На нашем сайте KnigaRead.com Вы можете абсолютно бесплатно читать книгу онлайн Светлана Шипунова, "Генеральша и её куклы" бесплатно, без регистрации.
Перейти на страницу:

— А зачем вы себя так поставили с ними со всеми, что кругом должны и никто без вас не обойдётся? Сказали бы: я занята, я, допустим, пишу книгу и попрошу меня в ближайшие полгода вообще не тревожить и по пустякам не дёргать. Что они, не поймут, что ли? Поймут, согласятся, они же вас тоже любят, не только вы их. Может, вы сами без всего этого не можете? Кто вас заставляет каждое утро всю родню обзванивать, удостоверяясь, что у них все в порядке? Вы сами всех дёргаете, а они привыкли, чуть что – к вам.

— Я же не виновата, что у меня такая большая родня.

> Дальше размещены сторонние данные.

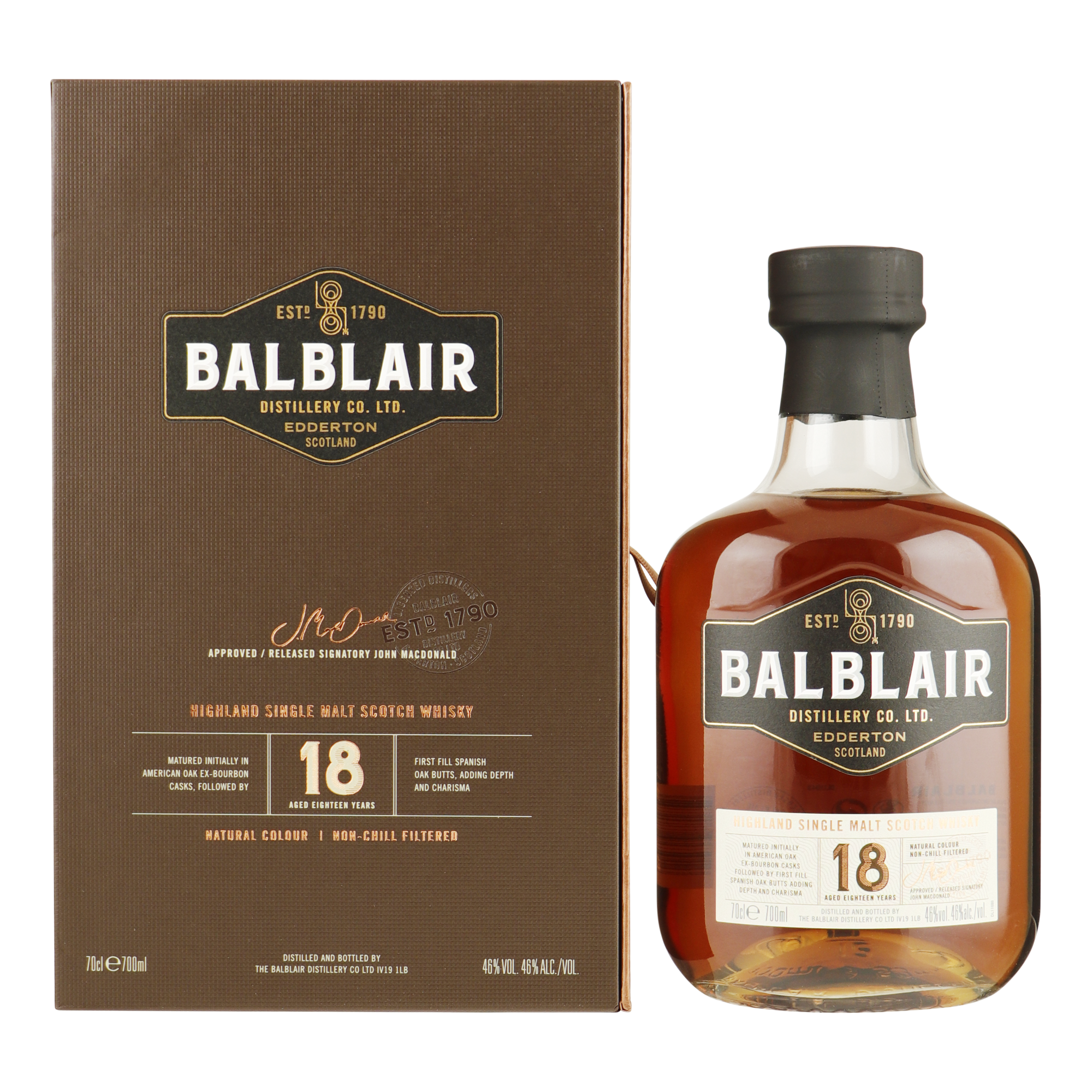 De 18 jaar oude Balblair is een meesterstuk. De single malt is evenwichtig qua smaak door eerst te zijn gerijpt in Amerikaanse eiken ex-bourbonvaten, gevolgd door Spaans eikenhouten Sherry butts die voor het eerst zijn gevuld. Deze rijping geeft extra diepte aan deze bijzondere single malt.
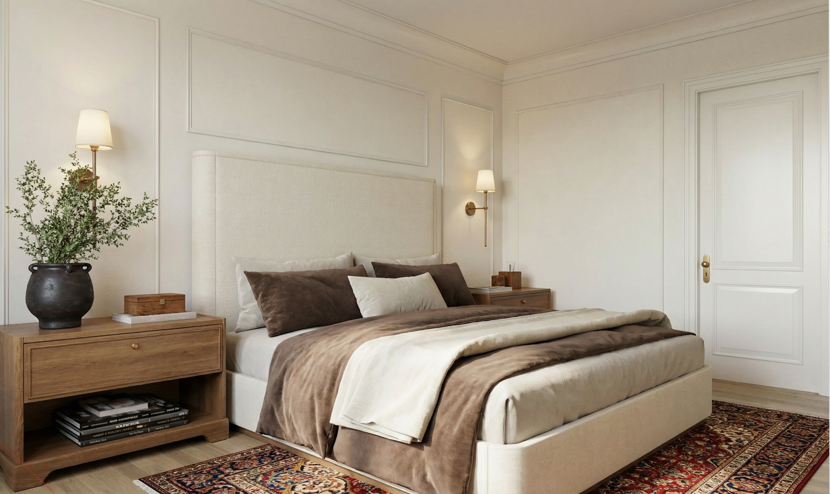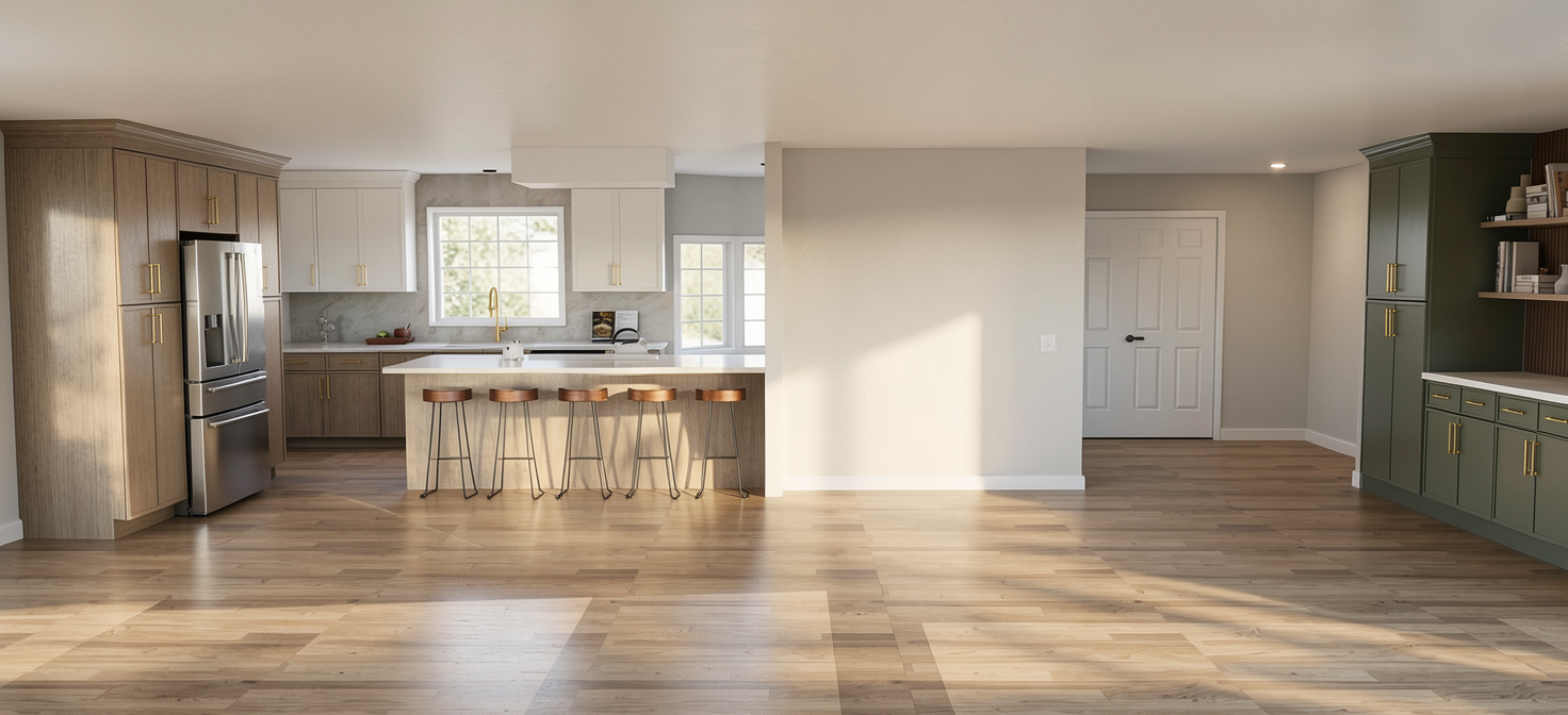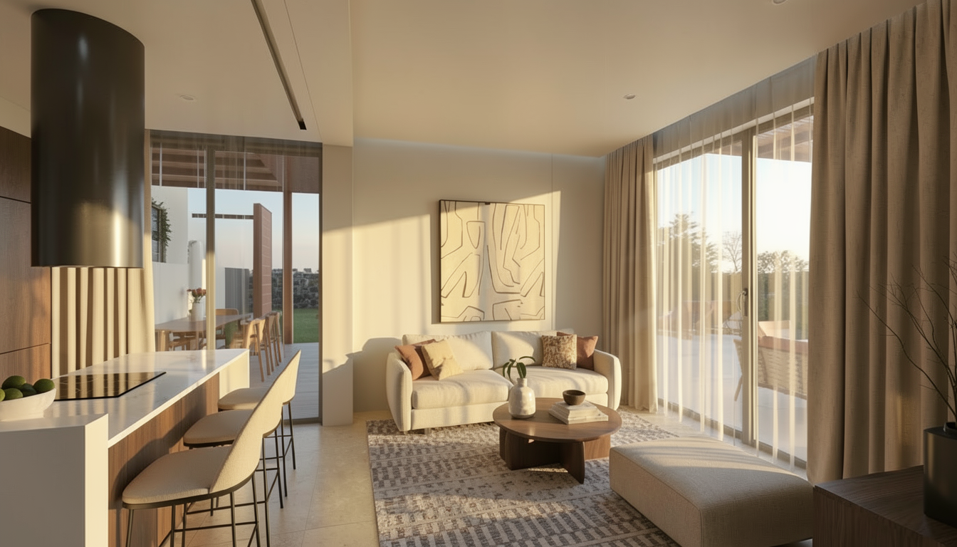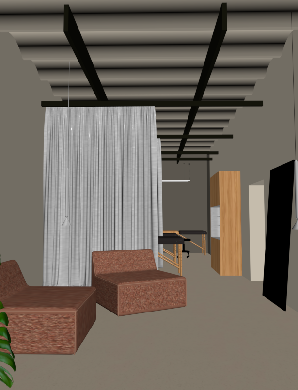 transform the provided view into a high quality photorealistic architectural visualization maintain accurate proportions and the original spatial layout the ceiling is made of brick with an irregular texture painted in a warm beige color the brick structure should remain subtly visible beneath the paint layer with natural imperfections slight wear uneven surface details and soft micro shadows between the joints the walls are beige with an irregular slightly raw plaster texture visible subtle surface variations unevenness and gentle tonal differences to enhance realism use realistic pbr materials with high resolution 8k textures include natural light reflections and subtle surface imperfections for authenticity lighting soft natural daylight global illumination realistic light diffusion that enhances the texture of the brick ceiling and uneven walls soft shadows balanced exposure professional interior photography look style modern minimalist interior visualization ultra realistic sharp details cinematic atmosphere high end architectural rendering
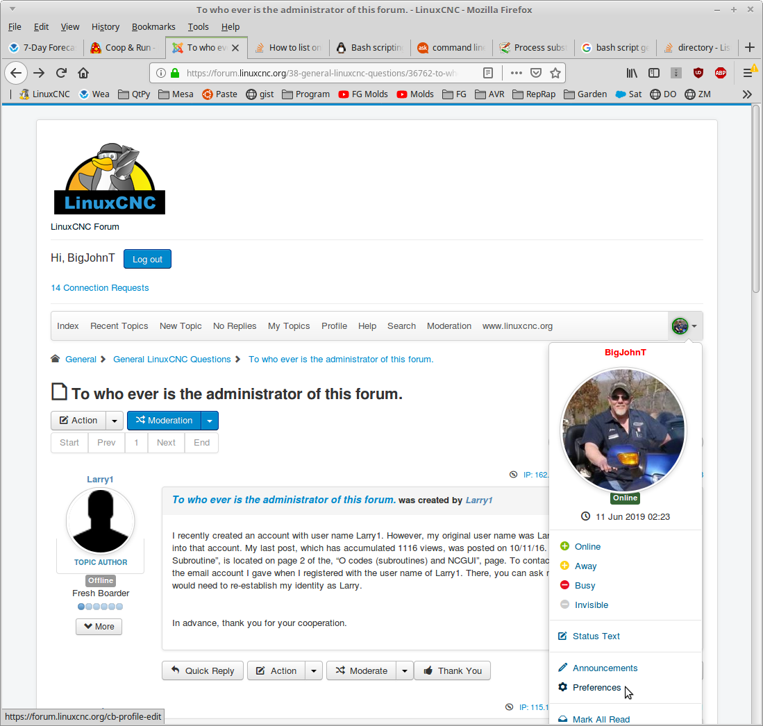 I recently created an account with user name Larry1. However, my original user name was Larry. I lost all of the info to get back into that account. My last post, which has accumulated 1116 views, was posted on 10/11/16. The title of which is, “Spiral Subroutine”, is located on page 2 of the, “O codes (subroutines) and NCGUI”, page. To contact me, please send me an email to the email account I gave when I registered with the user name of Larry1. There, you can ask me to supply any information you would need to re-establish my identity as Larry.
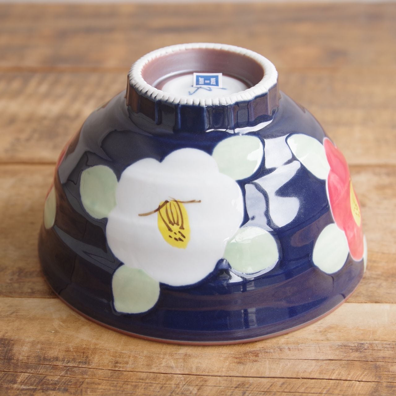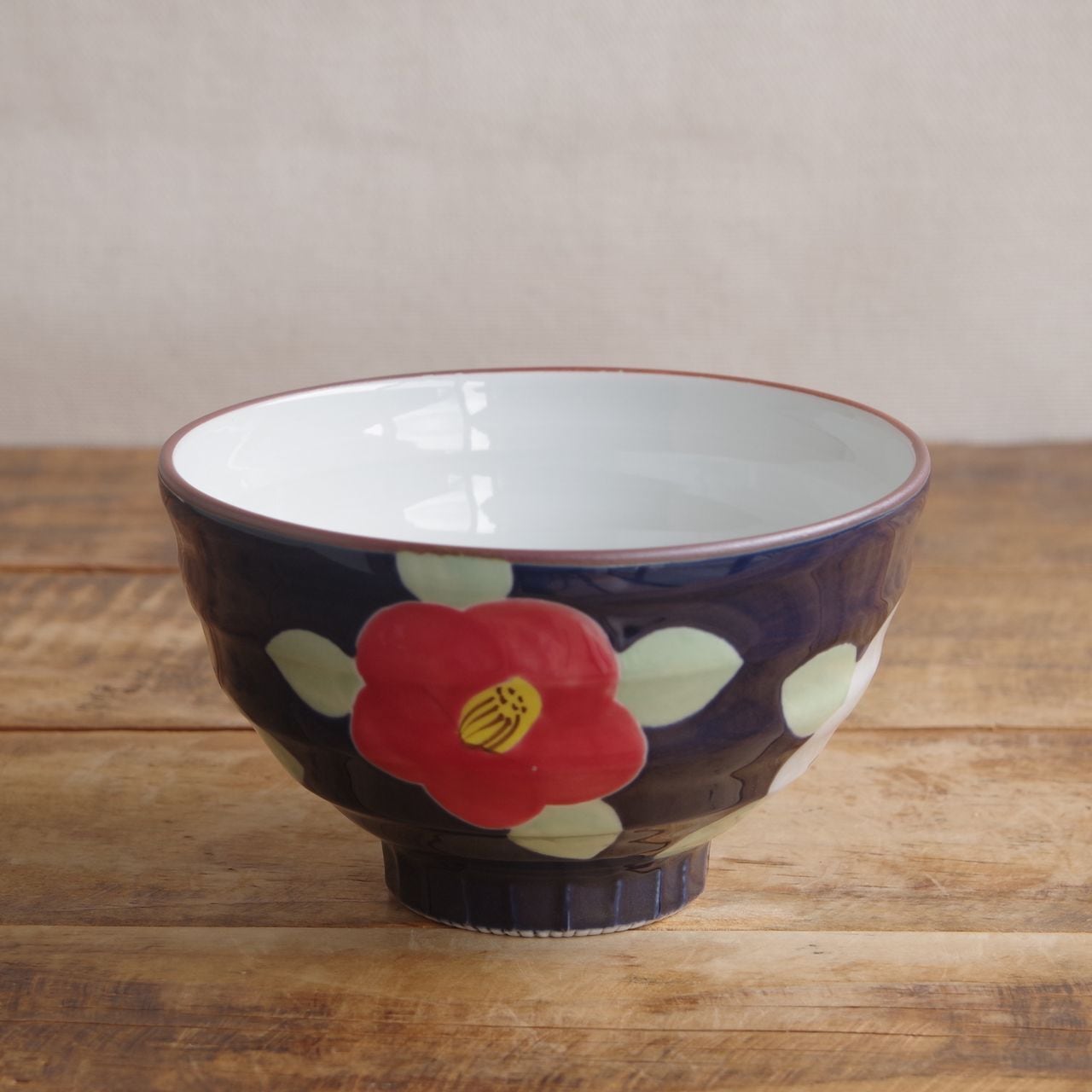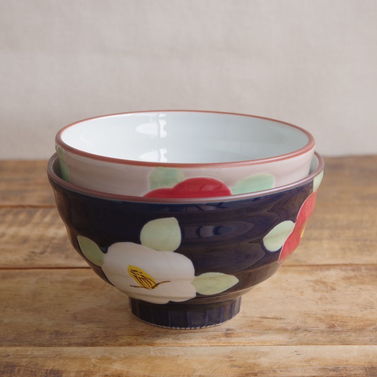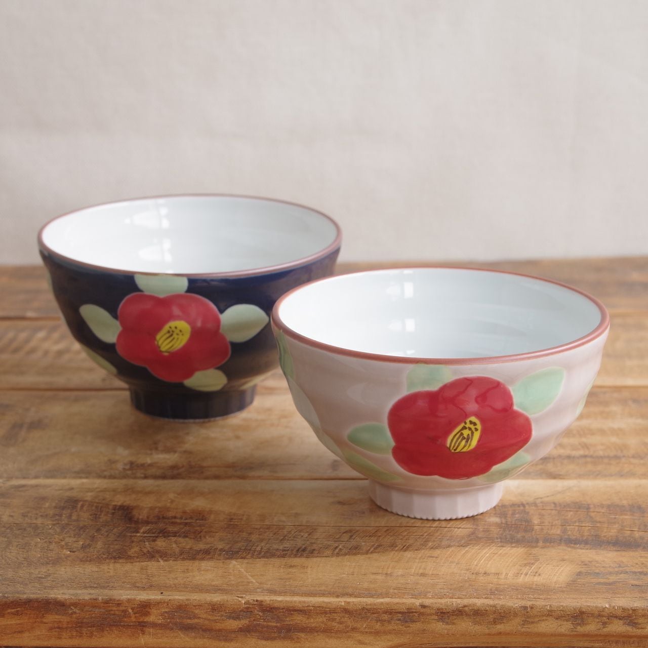 【新品】 波佐見焼 手描釉彩椿 飯碗 ご飯茶碗 大 小 2サイズ 花柄 昭和レトロ 和食器 日本製 ピンクベージュ 瑠璃 ボウル ちゃわん

— Не такая уж большая, бывает и больше. Спокойнее надо ко всему этому относиться. И больше себя любить. Себя, понимаете? А не кого‑то, пусть даже эти кто‑то – родные, близкие и хорошие. Любить себя – единственный выход для женщины вашего возраста.

— В таком случае у меня нет выхода, потому что я‑то как раз себя ненавижу…

Последние слова В. В. пропустил мимо ушей, он и сам не раз слышал от Мируси это «ненавижу», когда она смотрелась, например, в зеркало или примеряла новое платье, а чаще всего – по поводу её текстов, когда она перечитывала их с карандашом в руке. Он привык и не принимал всерьёз. Другие слова его зацепили – о том, чтобы «уйти–уехать». Эту часть записи он прослушал дважды. Но сказать можно что угодно, могла ли она так и сделать, как сказала, — вот в чём вопрос. Дальнейшее прослушивание не прибавило информации по главному вопросу, но сам голос жены, звучавший приглушённо (ему приходилось напрягаться, чтобы разобрать, что она говорила), как будто откуда‑то издалека, глубоко взволновал В. В., он даже прослезился.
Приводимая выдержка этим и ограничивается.